お客様のご支援によって当グループの織機、スペアパーツ、技術サービスの売上は今年も2012年以後連続して2桁の成長を達成する見込みです。これは不断の努力によって当社織機の対応領域を拡大・深化させ、それをお客様に高く評価していただき、市場占有率が伸長した結果です。イテマの織機は主要な三種類の緯入れ方式を取り揃え、産業用のテクニカルテキスタイルからカーテン・タオル・カーペットなどの家庭用品、デニムなどのアパレル素材まで、それぞれの目的に合わせた最適なシステムをお届けすることで世界のお客様の生産活動に貢献しています。
トルコを例に挙げれば、政情不安や経済減速の懸念がありながら、長年に渡って当社製品をご使用いただいているお客様のみならず新規のお客様も含めて積極的な設備投資マインドが継続し、イテマの最新鋭レピアとエアジェット織機は設備投資の第一候補として高い評価を頂いています。

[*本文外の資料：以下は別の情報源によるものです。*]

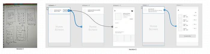 The Feature-led solutions were now converted into wireframes to see how they might work and impact the experience of the users.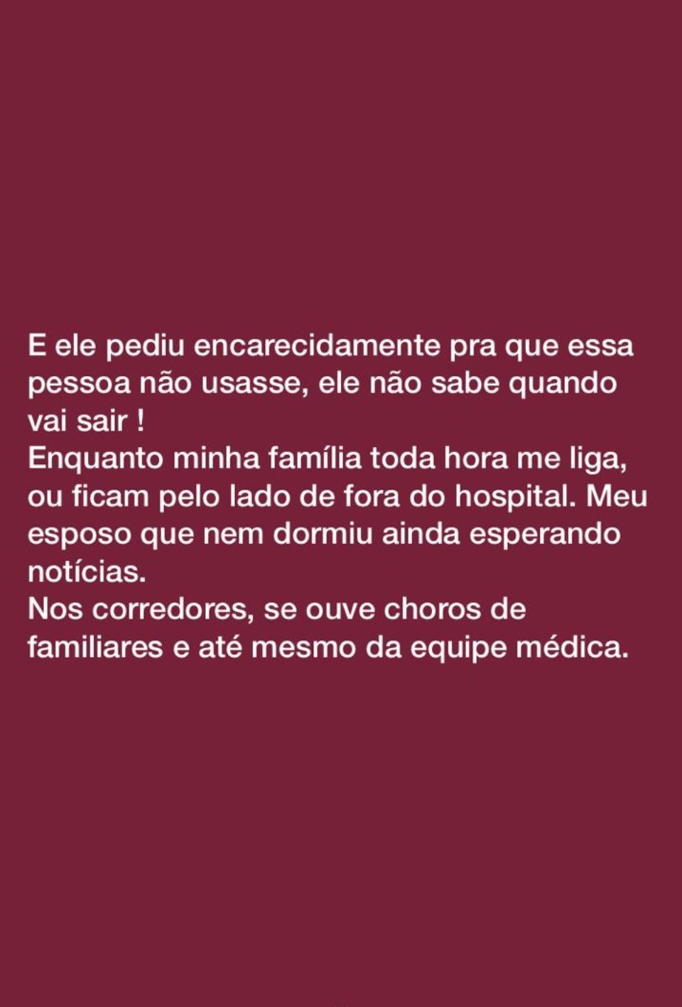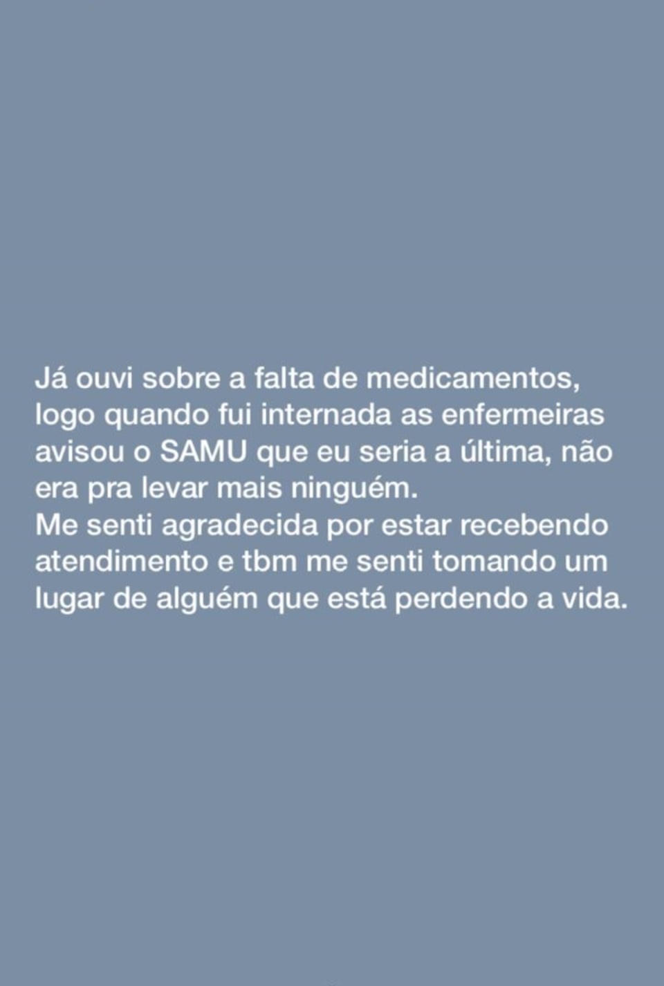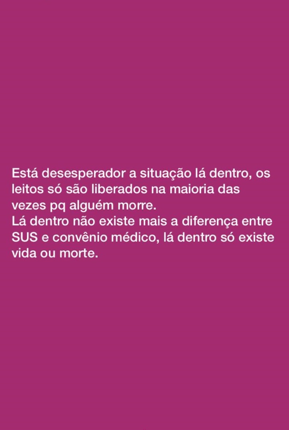 Ela também fez um alerta para a população de Três Lagoas (MS): “Está desesperadora a situação lá dentro, os leitos só são liberados na maioria das vezes porque alguém morre. Lá dentro não existe mais a diferença entre SUS e convênio médico, lá dentro só existe vida ou morte”.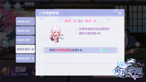 好感度也是羁绊中不可或缺的一环。想要提升歌舞姬的好感度,送礼物就是最直接的方式了。随着好感度的增加,歌舞姬的态度也会逐渐发生改变。从冷淡到亲密,进而结下越来越深刻的羁绊,每突破一个阶段后,歌舞姬的触摸反馈和交互语音都会有所不同。与此同时,好感度越高的歌舞姬,在演出中获得的分数加成也会越高哦!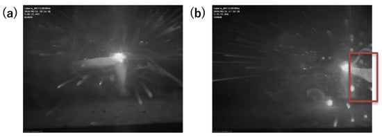 The images captured by the welding camera were utilized to assign labels in every 1 s length window, such as (a) defect-free deposition and (b) a layer that collapsed at the beginning. The red box highlight the layer collapse captured by welding camera.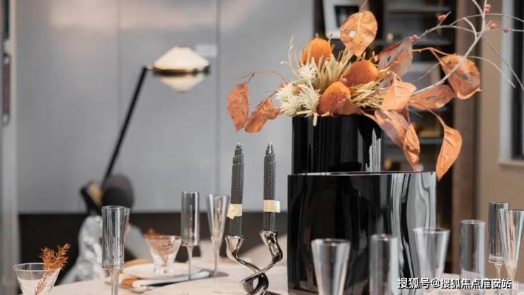 私密场域依旧保持静谧,黑白色基础上搭配了更多的色彩,例如深棕、浅紫等,艺术品的衬托深邃迷人,热络了家的氛围。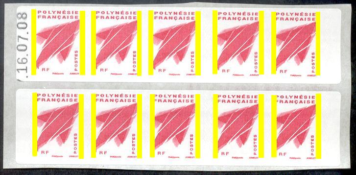 Les timbres imprimés pour les T.O.M. n'ont pas de bandes phosphorescentes à l'exception du carnet de la Polynésie Française composé de 10 timbres au tarif LETTRE 20g à destination de la France Métropolitaine et des D.O.M./T.O.M.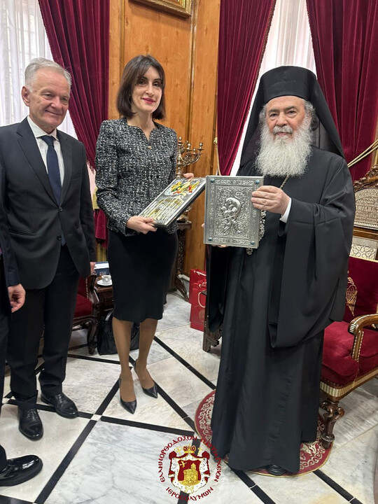 Ὁ Μακαριώτατος Πατριάρχης Ἱεροσολύμων κ.κ. Θεόφιλος Γ΄, ὑπεδέχθη σήμερον, εἰς τό Ἑλληνορθόδοξον Πατριαρχεῖον Ἱεροσολύμων, τὴν Ὑπουργὸν Ἐξωτερικῶν τῆς Γεωργίας, κ. Maca Botchorisvili, μετά τῶν συνοδευόντων αὐτήν ἀντιπροσώπων διπλωματῶν καί ἀξιωματούχων, ἐν πνεύματι Χριστιανικῆς κοινωνίας καὶ εὐγνωμοσύνης πρὸς τὸν Κύριον.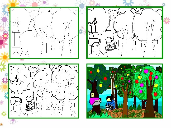 Bài 4: Vẽ tranh Vườn cây * Hoạt động 2: HÖÔÙNG DAÃN CAÙCH VEÕ Choïn caây ñeå veõ Bước 1: Vẽ thân cây với các dáng khác nhau. ( Thân nhỏ, thân to, thân uốn cong. . ). Bước 2: Vẽ tán lá. Có cây tán lá xum xuê có cây lá rất thưa Bước 3: Thêm một vài chi tiết phụ cho bức tranh thêm đẹp. ( quả, hoa, cỏ, người) Bước 4: Vẽ màu có đậm, nhạt. .

中国においても今年は設備投資が好調で、過去最高に比肩する受注を頂きました。日本を含むアジア太平洋地域からの受注も活発で、工場の生産能力を急遽増強して対処しています。
インドでは特にエアジェット織機の販売が好調で、イテマの最新鋭エアジェット織機を数多くご契約いただいています。インドはイテマのエアジェット織機にとって堅調で益々の成長が見込まれる市場です。

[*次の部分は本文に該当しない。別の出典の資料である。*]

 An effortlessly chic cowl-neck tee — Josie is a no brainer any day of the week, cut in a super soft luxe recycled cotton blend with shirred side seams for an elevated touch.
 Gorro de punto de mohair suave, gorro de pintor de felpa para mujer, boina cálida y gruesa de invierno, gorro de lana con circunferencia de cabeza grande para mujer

「メイド・イン・イタリー」を標榜するイタリア国内の製織メーカーはヨーロッパの他国のメーカーと同様に、プレミアムでハイエンドなファッションや家庭用織物素材に経営資源を集中することで成果を上げ、徐々にではありますが生産の欧州内回帰が着実に進んでいます。これらのハイレベルで品質基準が厳しい織物の生産では、イタリア、スペイン、ポルトガルの各国でイテマの織機が最多の実績を持ち、欧州のその他の国々へもイテマの織機は急速にその地歩を拡大しています。(今号の「ウィービング エクセレンス ダイアリー のAlbini社紹介ビデオをご覧ください)

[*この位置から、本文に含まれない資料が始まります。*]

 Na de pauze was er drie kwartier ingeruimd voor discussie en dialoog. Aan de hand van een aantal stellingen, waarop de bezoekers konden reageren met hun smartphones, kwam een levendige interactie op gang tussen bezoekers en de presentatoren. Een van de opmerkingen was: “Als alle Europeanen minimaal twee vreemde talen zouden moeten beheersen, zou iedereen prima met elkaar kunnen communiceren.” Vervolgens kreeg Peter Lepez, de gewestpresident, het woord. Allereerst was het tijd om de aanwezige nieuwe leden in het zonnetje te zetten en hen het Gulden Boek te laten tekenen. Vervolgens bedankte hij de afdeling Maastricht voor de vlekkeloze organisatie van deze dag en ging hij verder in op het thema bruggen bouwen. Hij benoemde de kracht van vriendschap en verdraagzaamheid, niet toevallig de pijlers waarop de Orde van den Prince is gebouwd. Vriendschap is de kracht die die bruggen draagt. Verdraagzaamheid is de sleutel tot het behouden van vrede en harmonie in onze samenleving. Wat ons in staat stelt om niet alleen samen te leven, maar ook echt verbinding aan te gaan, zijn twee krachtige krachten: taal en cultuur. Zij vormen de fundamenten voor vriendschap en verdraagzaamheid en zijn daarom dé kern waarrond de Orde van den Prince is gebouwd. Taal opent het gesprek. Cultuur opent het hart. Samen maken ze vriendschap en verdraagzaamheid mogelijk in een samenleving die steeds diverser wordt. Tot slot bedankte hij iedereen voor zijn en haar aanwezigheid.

また、イランのお客様からも今年は大量の織機をイテマにご発注いただき、今後も引き続いて織機への設備投資が実施される見込みです。
2018年の展望について、市場環境は明るいと私は見ています。特にパキスタンとバングラデッシュではお客様の近くに拠点を設けるための先行投資を行ってきましたので、その成果が表れてくるものと期待しています。イテマがパキスタンのラフォールに最近オープンしたイテマキャンパス(今号の「イテマグループの積極投資」をご覧ください)は第一級の研修と製織テストの設備を備えた重要な拠点です。イテマ製織機の実力を今まで十分にお伝えできていなかった地域もありましたが、このイテマキャンパスをはじめとして今後も引き続いて整備を進める予定の各地の拠点を、イテマの技術の先進性・革新性を世界中により広く、より正確にご理解いただくための重要な要素と位置付けています。広くご理解いただくことの重要性を示す例としてエアジェット織機A9500(詳細はこちら)を挙げれば、知名度が必ずしも高くなかった同機も着実に実績を積み重ねて数々のリピートオーダーを頂いていますが、その能力を十分にご理解いただければさらに多くのお客様に選択していただけると信じています。そして2018年のイテマの主力機種のひとつとしての位置付けが確立すると考えています。
イテマのイノベーションは今後も留まることなく進んでゆきます。次号の Red Dot News でも様々なイノベーションについてお知らせする予定です。
末筆ながら平素のご愛顧とご支援に感謝し、今後ともイテマグループをお引き立ていただきますようお願い申し上げます。